Sweden set to become NATOs 32nd member as PM visits
Sweden set to become NATOs 32nd member as PM visits

Sweden set to become NATO’s 32nd member as PM visits Washington

WASHINGTON/STOCKHOLM (Reuters) -Sweden is expected to formally join NATO in Washington on Thursday, two years after Russia’s invasion of Ukraine forced a complete rethink of its national security policy and the realisation the alliance offered the best guarantee of safety.

Swedish Prime Minister Ulf Kristersson is in Washington to hand over the final documentation, with the White House saying in a statement ahead of President Joe Biden’s State of the Union Address that Sweden would join on Thursday.

“Having Sweden as a NATO Ally will make the United States and our Allies even safer,” the statement said.

Kristersson said NATO Secretary General Jens Stoltenberg had informed him that Sweden had been formally invited to join after all member states accepted the country’s accession protocol.

“Sweden will soon be NATO’s 32nd member,” he said on X.

The Swedish government said separately it would take the formal decision for the country to join NATO on Thursday.
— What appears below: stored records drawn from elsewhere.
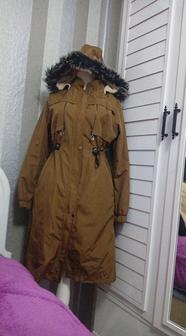 Kahverengi uzun kadın parka, bol kesim ve kesik yaka detayıyla dikkat çeker. Uzun kollu ve kürklü kapüşonlu, sentetik kumaştan üretilmiştir. Günlük kullanıma uygundur. 38 neden ancak 40a da rahat olur 2defa kullanıldı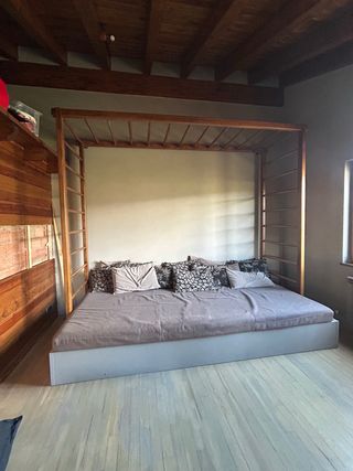 Este sofá cama estilo chillout es perfecto para relajarse. Su diseño combina madera y tela para un look moderno. UTIL COMO SOFA, ESPACIO DE JUEGOS y CAMA FAMILIAR. - Estructura de madera robusta. Hecho a medida. - Tapicería de tela cómoda.
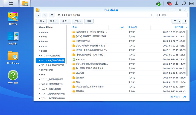 說(shuō)到資料的整合,這里也不得不說(shuō)一下資料的存儲(chǔ)與管理。學(xué)校因?yàn)轭?lèi)別繁復(fù),文件較多且較分散,存放及調(diào)取都非常麻煩。使用 File Station 之后可以非常便利的進(jìn)行分類(lèi)并存放文件,全校都可以用來(lái)存儲(chǔ)下載文件。通過(guò)不同的權(quán)限分配,以及不同功能的文件夾,將不同課目,不同班級(jí)等進(jìn)行整理分類(lèi)后, 所有文件一目了然。

For NATO, the accession of Sweden and Finland – which shares a 1,340 km border with Russia – is the most significant expansion for decades. It is also a blow for Russian President Vladimir Putin who has sought prevent any further strengthening of the alliance.

Sweden will benefit from the alliance’s common defence guarantee under which an attack on one member is regarded as an attack on all.

“We have to face the world as it is not how we sometimes wish it were,” Kristersson said after Hungary became the last NATO member to ratify Sweden’s accession last week.

Sweden adds cutting-edge submarines and a sizable fleet of domestically produced Gripen fighter jets to NATO forces and would be a crucial link between the Atlantic and Baltic.

Russia has threatened to take unspecified “political and military-technical counter-measures” in response to Sweden’s move.

While Stockholm has been drawing ever closer to NATO over the last two decades, membership marks a clear break with the past, when for more than 200 years, Sweden avoided military alliances and adopted a neutral stance in times of war.

After World War Two, it built an international reputation as a champion of human rights, and when the Soviet Union collapsed in 1991, successive governments have pared back military spending.

As recently as 2021, its defence minister had rejected NATO membership, only for the then-Social Democrat government to apply, alongside neighbour Finland, just a few months later.

While Finland joined last year, Sweden was kept waiting as Turkey and Hungary, which both maintain cordial relations with Russia, delayed ratifying Sweden’s accession.

Turkey approved Sweden’s application in January.

Hungary delayed its move until Kristersson made a goodwill visit to Budapest on Feb. 23, where the two countries agreed a fighter jet deal.